We have a Petco here, and it does not carry Canidae. I finally found it at a small Mom and Pop feed store here in town. You might try looking at those places. This place is very small but they carry a lot of premium foods.

Good luck, hope you can locate it!


----------



## shannon (Jun 6, 2006)

i can relate, katie was on nutro ultra but yesterday i switched to canidae.


----------



## time4goldens (Mar 13, 2006)

In my opinion, it isn't fair to compare the two brands that you are comparing. The Nutro Natural choice is in an inferior league to Canidae.

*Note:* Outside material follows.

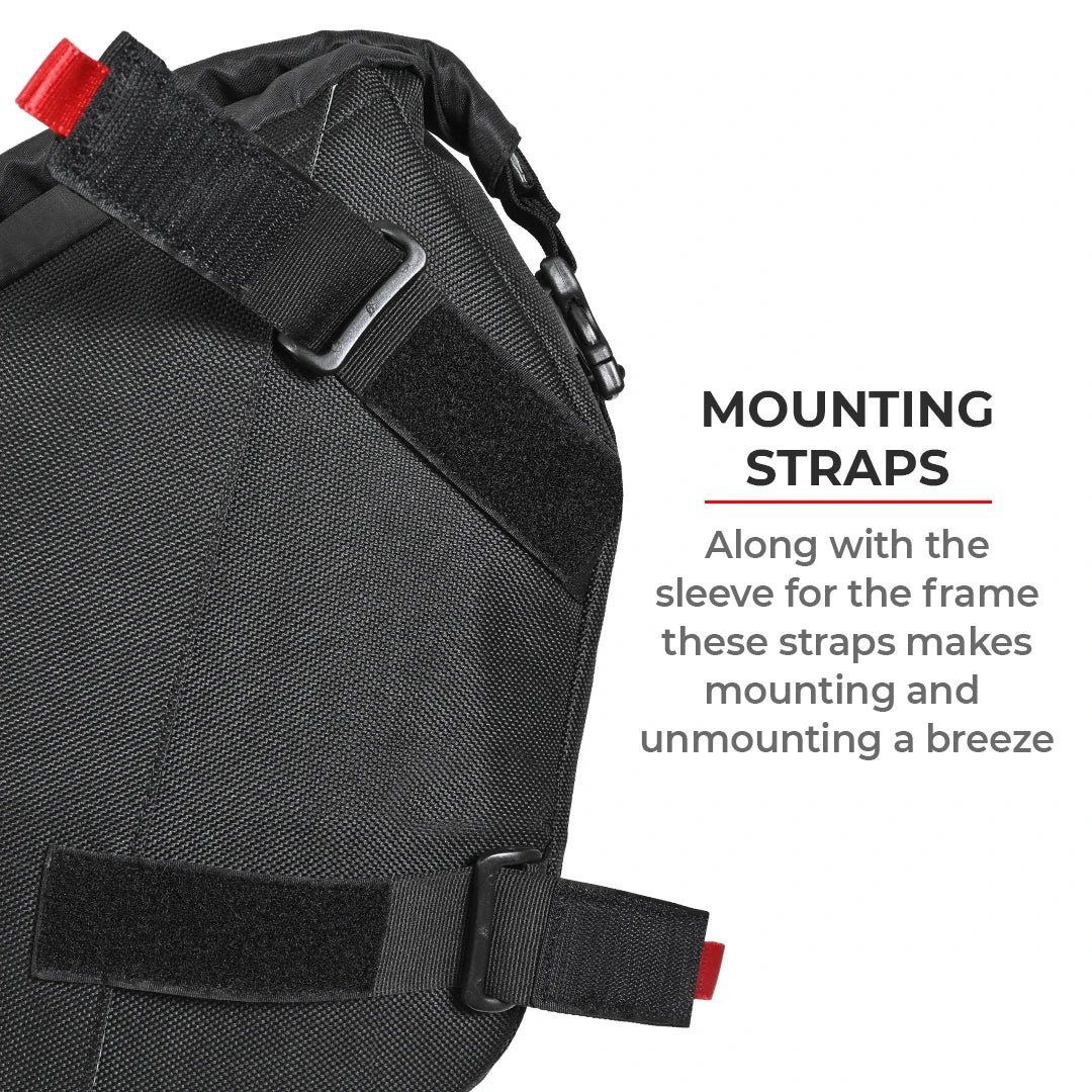 ● Mounts toward the front to maintain motorcycle balance during trail rides.

However, Nutro does have the Ultra brand that is must closer to what Canidae offers. Nutro Ultra Holistic Dog Food Products 

Personally, I have had a great history with Canidae and am not going to switch. It is 100% digestible where as I doubt that the Natural Choice comes close to that, but I do not know the digestibility for the Ultra formula. 

I have goldens and I want to ward off cancer in every way I can - the human grade meats, no corn, and the Omega 3 and 6 fatty acids in Canidae are my best bet.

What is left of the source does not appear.